Published in final edited form as: J Eukaryot Microbiol. 2007 Jan-Feb;54(1):38–41. doi: 10.1111/j.1550-7408.2006.00140.x

Analysis of the β-Tubulin Genes from Enterocytozoon bieneusi Isolates from a Human and Rhesus Macaque

Donna E Akiyoshi a, Louis M Weiss b, Xiaochuan Feng a, Bryony A P Williams c, Patrick J Keeling c, Quanshun Zhang a, Saul Tzipori a
PMCID: PMC3109643  NIHMSID: NIHMS209939  PMID: 17300517

Abstract

Enterocytozoon bieneusi is the most common and clinically significant microsporidium associated with chronic diarrhea and wasting in immunocompromised humans. Albendazole, which is effective against several helminths, protozoa, and microsporidia, is relatively ineffective against infections due to E. bieneusi. A likely explanation for the observed clinical resistance to albendazole was discovered from sequence analysis of the E. bieneusi β-tubulin from isolates from an infected human and a naturally infected rhesus macaque. The β-tubulin of E. bieneusi has a substitution at Glu198, which is one of six amino acids reported to be associated with benzimidazole sensitivity.

Keywords: Albendazole resistance, beta-tubulin gene, microsporidia

The microsporidia represent a large and diverse group of obligate intracellular eukaryotic parasites and to date, 1,200 species have been identified. Of these, Enterocytozoon bieneusi is the most clinically significant species associated with AIDS-related human microsporidiosis (reviewed in Cali 1991; Curry and Canning 1993; Didier et al. 2004; Keeling and Fast 2002; Mathis, Weber, and Deplazes 2005; Wittner 1999), with symptoms including chronic diarrhea, wasting, and malabsorption. Enterocytozoon bieneusi has also been identified in immunocompetent patients (Albrecht and Sobottka 1997; Gainzarain et al. 1998; Sandfort et al. 1994), in individuals receiving immunosuppressive therapy (Guerard et al. 1999; Rabodonirina et al. 1996), and in macaques, both immunocompetent and those infected with simian immunodeficiency virus (SIV) (Green et al. 2004; Mansfield et al. 1997).

Microtubules, which are formed by polymerization of the α- and β-tubulin subunits, are a major component of the mitotic spindle. The benzimidazoles have been found to prevent both the polymerization of the tubulin subunits by binding to the β-tubulin subunit, thus preventing elongation of the microtubules, and depolymerization of the two subunits. The benzimidazoles are toxic to fungi and helminths (Davidse 1986; Lacey 1988), and have been used to effectively treat both microsporidiosis due to Encephalitozoon spp. (De Groote et al. 1995; Katiyar and Edlind 1997; Molina et al. 1998; Ridoux and Drancourt 1998), and some protozoan infections including Giardia intestinalis (Katiyar et al. 1994; Lemee et al. 2000). However, these benzimidazole derivatives, including albendazole, are relatively ineffective against E. bieneusi infections (Blanshard et al. 1992; Conteas et al. 2000; Dieterich et al. 1994).
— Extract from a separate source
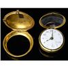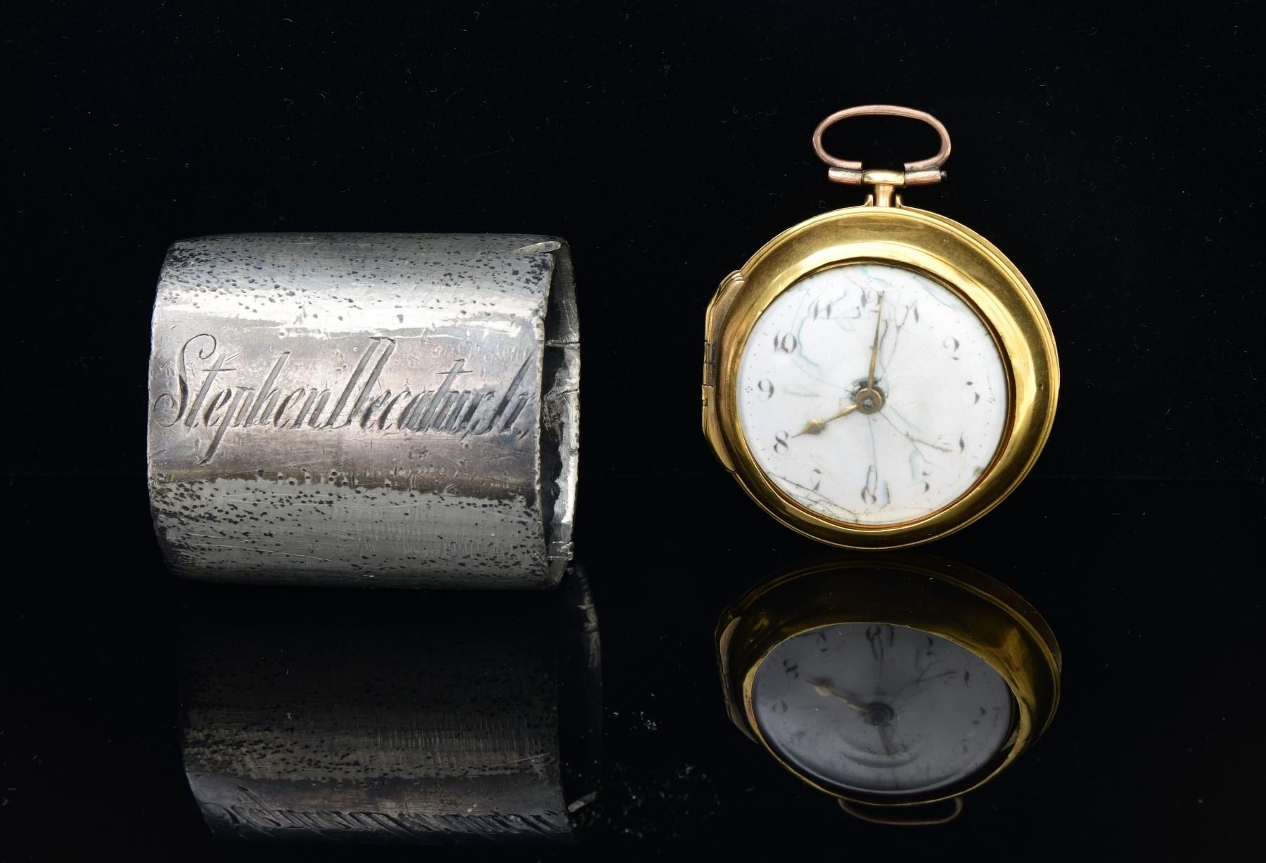 Early fancy Fusse pocket watch in double gold case, London assay hallmarked case for 1777. Movement engraved "Peacock 3847, Royal Exchange London". The watch has an attached old ink inscription on Stephen Decatur calling card, it reads: "Thomas Ten Eyck's watch which my father Commodore Stephen Decatur [1752-1808] always wore and although blind, he could always quickly tell the time by sense of touching the hands with his fingers". Thomas Ten Eyck (1742-1808) daughter, Marie Susana married Commodore Stephen Decatur, Jr (1779-1820) brother Colonel John Pine Decatur (1786-1832). Wealthy men of this era carried these first Fusse watches with these elaborate complex mechanisms that kept best time possible. Watch appears complete and mechanism may work, but is sold as-is, both hands intact, white enamel dial has several cracks. Also include in lot is 2" oval silver plated napkin ring inscribed "Stephen Decatur Jr", large cut on edge and scratches. PROVENANCE: James D. Julia Auctioneers, lot 3133, August 27, 2009; Martin Lane Historic & Western Americana Lifetime Collection. (02-21461/JS). $2,500-3,000.

In this communication, we report the analysis of the β-tubulin gene from E. bieneusi isolated from an HIV-infected human and an SIV-infected rhesus macaque (Macaca mulatta). The sequence data provide an explanation for the reported resistance of E. bieneusi to albendazole.

Materials and Methods

Parasite strains

An HIV-positive adult patient admitted to the Mulago Hospital in Kampala, Uganda, and an SIV-infected rhesus macaque (Macaca mulatta), housed at the New England Regional Primate Research Center (Southborough, MA), were found to be positive for Enterocytozoon bieneusi. Spores were purified from the human and rhesus macaque stool samples (Sheoran et al. 2005; Zhang et al. 2005), and were confirmed to be E. bieneusi by electron microscopy and sequencing of the internal transcribed spacer (ITS) of the small subunit rRNA gene. The spores isolated from the human patient and rhesus macaque will be referred to as the H206 isolate and M231 isolate, respectively.

Cloning and sequencing of the β-tubulin genes

The β-tubulin gene from the M231 isolate was first isolated from a whole genome amplified (Molecular Staging Inc., New Haven, CT) library cloned into the pHCSmart-Kan vector (Lucigen Corp., Middleton, WI). The E. bieneusi β-tubulin genes from the H206 and M231 isolates were then amplified from purified genomic DNA (1 ng; DNeasy Tissue Kit; Qiagen Inc., Valencia, CA) using primers, MEb btub-I (5′-AACGGGCAGCTGAGTAGTTTAAGTGATT-3′) and MEb btub-J (5′-AATAATCATACATGACTGGAACCGTGCTAA-3′) using the Expand High Fidelity PCR System (Roche Diagnostics Corp., Indianapolis, IN). The PCR products were cloned into pCR4TOPO (Invitrogen Corp., Carlsbad, CA) and used to transform E. coli TOP10 cells. Inserts from four independent clones were double-strand sequenced for each isolate.

Results and Discussion

Analysis of the β-tubulin of Enterocytozoon bieneusi

The E. bieneusi β-tubulin gene was first identified in the M231 amplified genomic library. One clone, with an open reading frame of 1,314 bp, had significant similarity (E-value = e−177) to other β-tubulin sequences in the NCBI database using the BLASTp program (Altschul et al. 1990; McGinnis and Madden 2004). PCR primers, Meb btub-I and MEb-btub-J, were designed to amplify the β-tubulin gene from purified spores isolated from a human patient (H206) and a rhesus macaque (M231). These genes were compared using the ClustalW algorithm (Thompson, Higgins, and Gibson 1994). Both genes were 1,314 bp and were identical except for five synonymous transitions (99.62% sequence identity). The A-T content was 55.4% and 55.6% for the M231 and H206 β-tubulin genes, respectively. Analysis of the 5′—and 3′-flanking regions revealed no obvious canonical elements, such as promoter elements or polyadenylation sequences.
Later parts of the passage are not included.